DATA PROVIDED »
━━━━━━

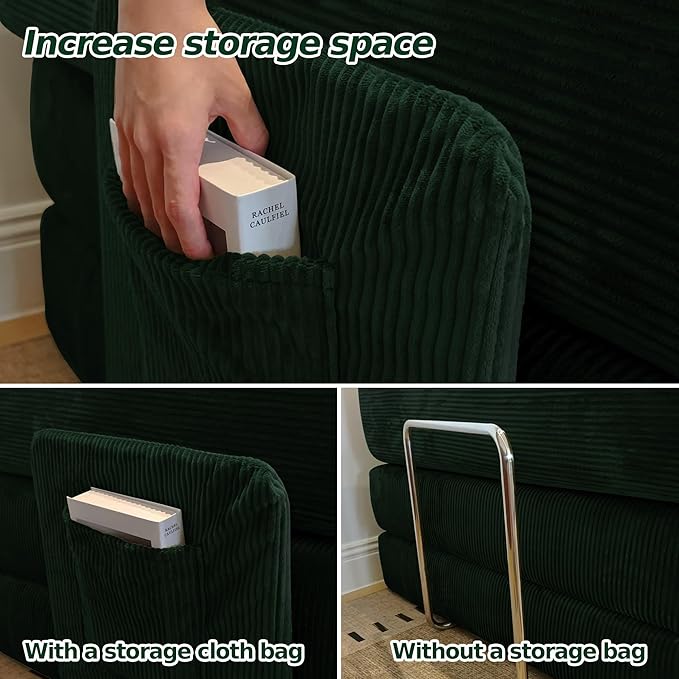78.8''Convertible Sleeper Sofa Bed,Compressed Floor Boneless Couch,Modular Modern Corduroy Sofa for Living Room Bedroom -with Fixed-Shape Frame and Support Armrest,Easy Assembly(Dark Green)
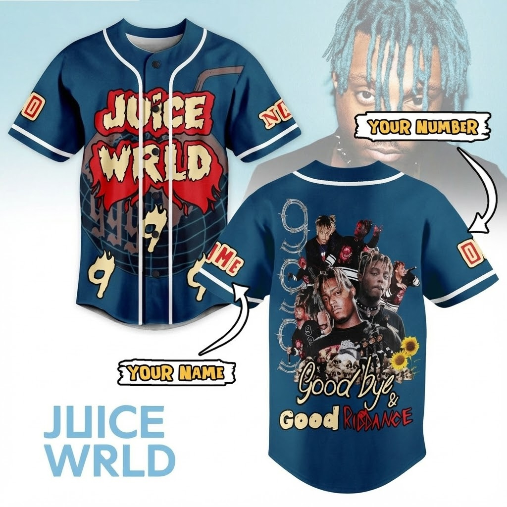 This baseball jersey features iconic imagery and lyrics from Juice WRLD’s Good Bye & Good Riddance, bringing his debut album to life in a fresh and personalized way. With high-quality prints and the option to add your name or favorite number, this jersey is a perfect tribute to Juice WRLD’s legacy and his unique ability to capture the emotions of his generation.
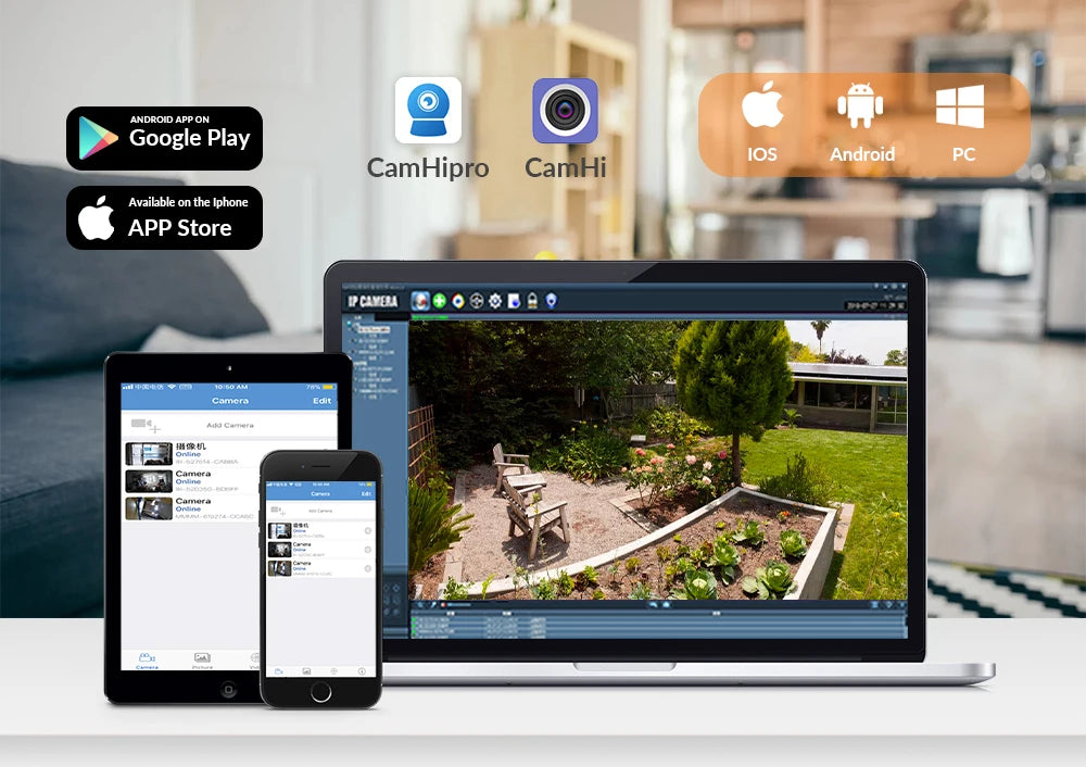 يدعم الهواتف المحمولة والأجهزة اللوحية وأجهزة iPad والكمبيوتر التي تعمل بنظامي التشغيل iOS وAndroid، ويمكن إدارة كاميرات متعددة في تطبيق واحد.
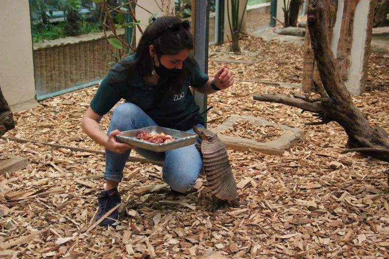 Ülke genelinde kapanma dönemine girildiği için parkın ziyaretçilere kapalı olduğunu belirten Faruk Yalçın Hayvanat Bahçesi Veteriner Hekimi Ezgi Vatansever Çelik, kapanmanın bazı hayvanlar için avantaj oluşturduğunu söyledi. Hayvanat bahçesinde hayatın devam ettiğini kaydeden Çelik, "Hayvanlarımızla her gün birlikteyiz. Bakımları, beslenmeleri tüm hızıyla devam ediyor. Yaşlanan hayvanlarımız var, hastalıkları baş gösterenler var. Onlarla her gün ilgileniyoruz. Şimdi tabii ki üreme dönemine girdik, başta kuşlarımız olmak üzere. Üreme sezonu yaklaşıyor. Bizim için kapanmanın bir avantajı da oldu. Parkın içerisi daha sessiz, sakin. Hayvanlar bunu bir avantaj olarak gördü ve daha önce yumurta, yavru almadığımız hayvanlarımızdan yavru almaya başladık. Bu bizim için bir avantaj oldu. Dezavantajı da oldu, bazı türlerimiz insan etkileşimine çok alışıklar, çok özlüyorlar. O yüzden onlar da insanların, ziyaretçilerin eksikliğini hissediyorlar. Bu süreçte bize düşen görev çok artıyor. Zenginleştirme programlarımızı, eğitim programlarımızı yoğunlaştırıyoruz. Daha fazla ilgilenmeye, bir nevi ziyaretçilerin yerini tutmaya çalışıyoruz. Kapanma gerçekleşti ama bizim için kapanma söz konusu değil. Ömrümüz burada geçiyor, hayvanlarımızlayız. Her gün, 365 gün onlarlayız. Bizim için bir kapanma dönemi olmadı. Parkın içinde hayat devam ediyor. 2 binin üzerinde hayvan burada her gün besleniyor. Altından kalkmaya çalışıyoruz. Hiçbir hayvanımızın hiçbir ihtiyacını eksik etmiyoruz. Bakım, beslenme, sağlık sorunları, onlar için her gün buradayız" dedi.

━━━━━━

WHAT IS REQUIRED » Working from the data above, repeat exactly, and only, the lines that begin at the line containing "This baseball jersey" and stop after the line containing "يدعم الهواتف المحمولة"; pictures are not copied.

EXERCISE OUTPUT »
 This baseball jersey features iconic imagery and lyrics from Juice WRLD’s Good Bye & Good Riddance, bringing his debut album to life in a fresh and personalized way. With high-quality prints and the option to add your name or favorite number, this jersey is a perfect tribute to Juice WRLD’s legacy and his unique ability to capture the emotions of his generation.
 يدعم الهواتف المحمولة والأجهزة اللوحية وأجهزة iPad والكمبيوتر التي تعمل بنظامي التشغيل iOS وAndroid، ويمكن إدارة كاميرات متعددة في تطبيق واحد.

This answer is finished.